*** Opening Exercise data ***

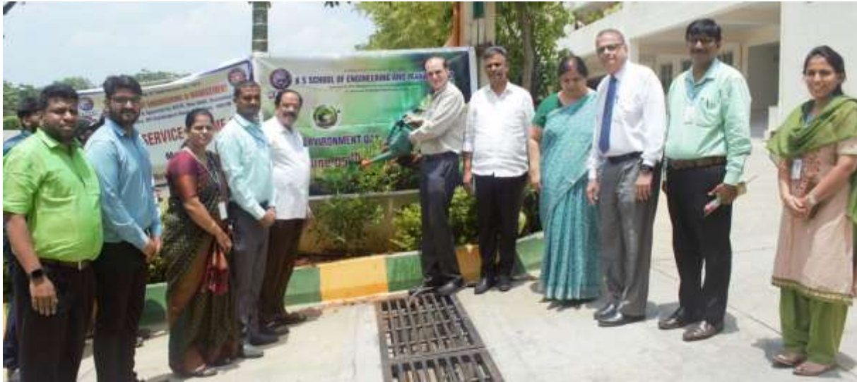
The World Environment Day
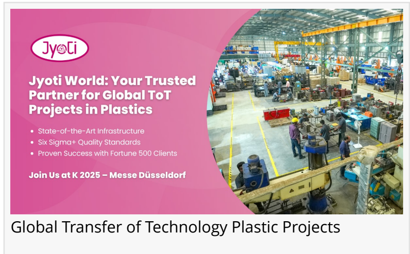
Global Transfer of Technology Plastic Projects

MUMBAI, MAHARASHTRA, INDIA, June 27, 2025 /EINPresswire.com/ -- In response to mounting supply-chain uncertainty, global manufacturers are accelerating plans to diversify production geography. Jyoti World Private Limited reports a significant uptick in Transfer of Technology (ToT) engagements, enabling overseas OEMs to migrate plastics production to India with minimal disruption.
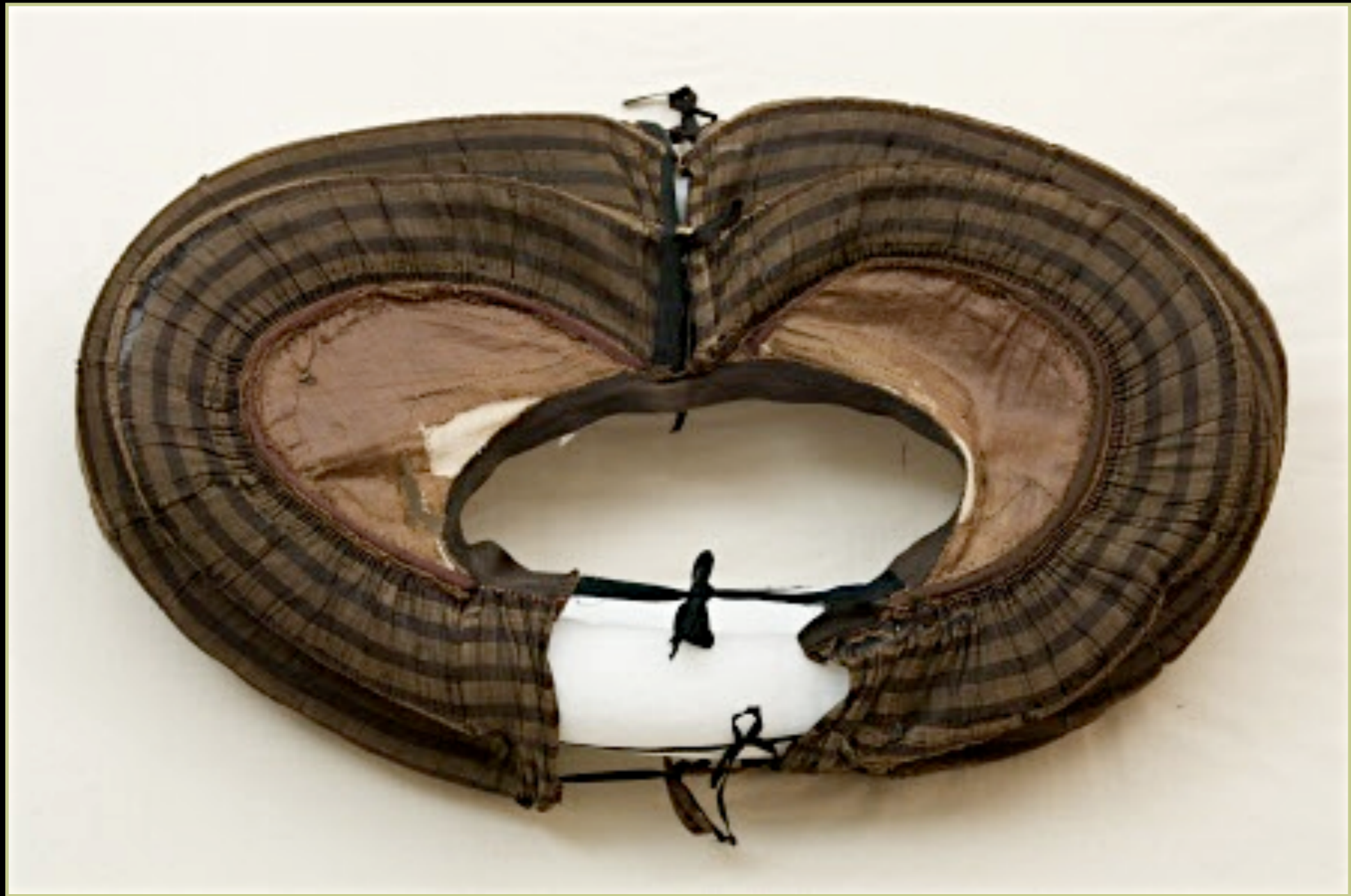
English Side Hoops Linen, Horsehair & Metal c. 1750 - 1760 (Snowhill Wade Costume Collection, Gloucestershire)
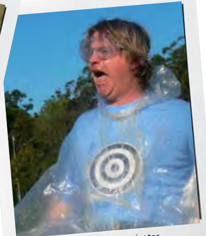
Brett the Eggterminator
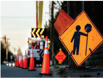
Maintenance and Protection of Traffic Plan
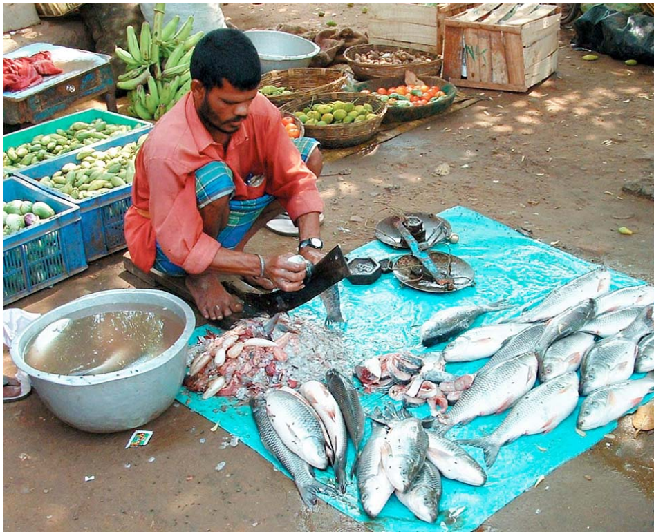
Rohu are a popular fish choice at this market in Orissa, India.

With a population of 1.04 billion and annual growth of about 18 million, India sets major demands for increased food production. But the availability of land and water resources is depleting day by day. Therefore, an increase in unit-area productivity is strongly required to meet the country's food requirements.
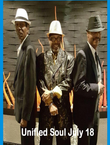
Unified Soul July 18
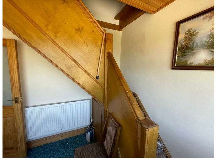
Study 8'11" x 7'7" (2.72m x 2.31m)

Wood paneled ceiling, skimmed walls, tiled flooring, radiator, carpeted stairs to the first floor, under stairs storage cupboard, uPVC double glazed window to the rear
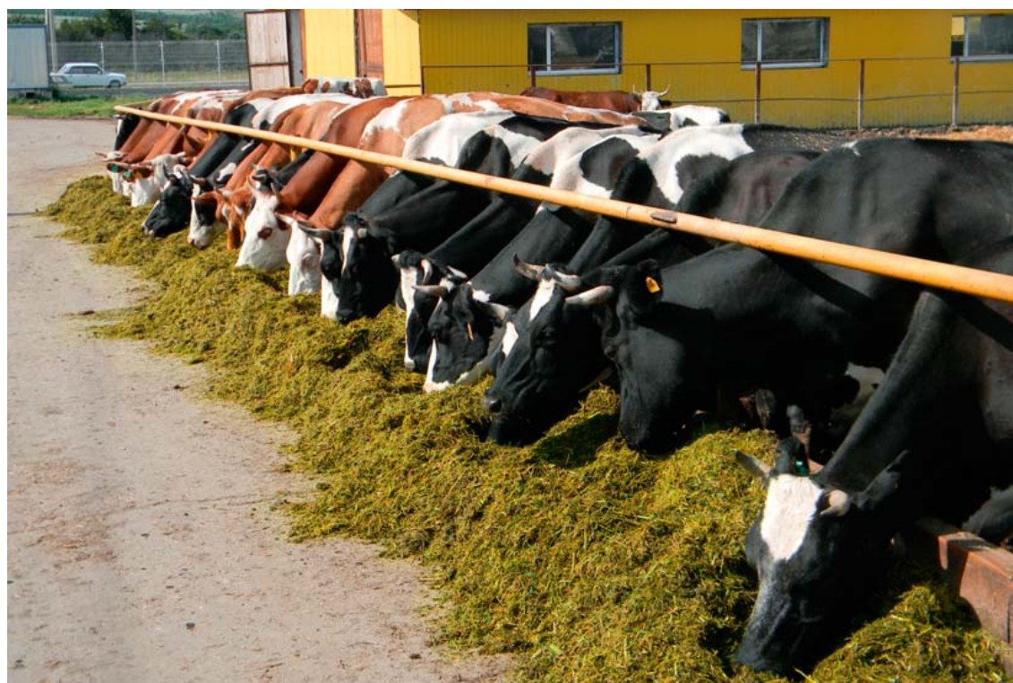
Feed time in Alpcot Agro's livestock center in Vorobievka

*** Closing Exercise data ***

### [Task goal]
Without any pictures, reproduce the lines from the first one in the material through the line that has "MUMBAI, MAHARASHTRA, INDIA, June", exactly as they appear.

### [Solution to the problem]
The World Environment Day
Global Transfer of Technology Plastic Projects

MUMBAI, MAHARASHTRA, INDIA, June 27, 2025 /EINPresswire.com/ -- In response to mounting supply-chain uncertainty, global manufacturers are accelerating plans to diversify production geography. Jyoti World Private Limited reports a significant uptick in Transfer of Technology (ToT) engagements, enabling overseas OEMs to migrate plastics production to India with minimal disruption.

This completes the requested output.